School in Como, Western Australia

Penrhos College is an independent Uniting Church single-sex primary and secondary day and boarding school for girls, located in Como, a southern suburb of Perth, Western Australia.

Founded in 1952 as the Methodist Ladies' College, South Perth, Penrhos has a non-selective enrolment policy and currently caters for approximately 1,400 students from Kindergarten to Year 12, including 105 boarders in Years 7 to 12.

The college is affiliated with the Association of Heads of Independent Schools of Australia (AHISA), the Junior School Heads Association of Australia (JSHAA), the Australian Boarding Schools' Association (ABSA), the Alliance of Girls' Schools Australasia (AGSA), and is a member of the Independent Girls Schools Sports Association (IGSSA). The school takes pride in its 17 consecutive wins in the IGSSA athletics, and almost as many in the cross country and swimming events.

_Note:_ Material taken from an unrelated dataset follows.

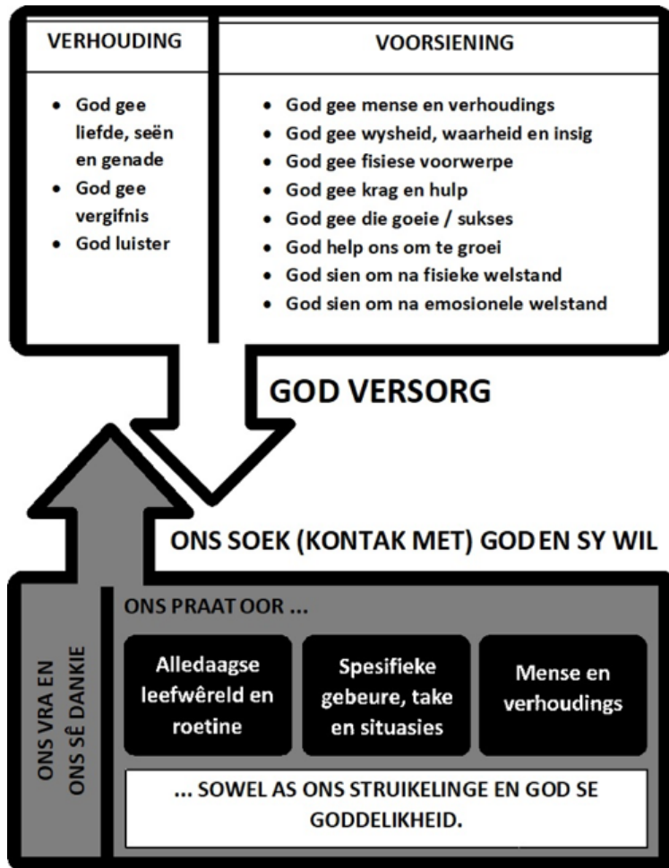
Figuur 1. Aksiale kodering met “God versorg” as kern-kategorie

God versorg bestaan uit twee komponente, naamlik die voorsienende rol van God en die verhoudingskomponent.

Penrhos College's brother school is Wesley College located in South Perth.

==History==
Penrhos College was established in 1952 as the Methodist Ladies' College, South Perth and was originally located on Angelo Street, South Perth across from the Perth Zoo. The school moved to its present site in Como, 6 km south of Perth, in 1971. The school was originally a subdivision of the Methodist Ladies' College, Claremont (1907), but both now operate independently. It educates from pre-kindergarten to year 12.

In 1977, the Methodist Ladies' College, South Perth was awarded to the Uniting Church in Australia following Church Union, and became known as Penrhos College. The school's new name was drawn from Penrhos College, in Colwyn Bay, North Wales, which was established in 1880 by the Methodist Church, for the special education of girls. Penrhos is a Welsh word meaning "Peak of the Moor".

==Campus==
Penrhos College is situated on a single suburban campus in an elevated position, on a former pine plantation. The school is 8 ha in size, featuring a parkland setting and modern cream brick and terracotta-tiled buildings.

==Academics==

The school has had consistently good WACE results and appears regularly in the top 30 schools for the WACE.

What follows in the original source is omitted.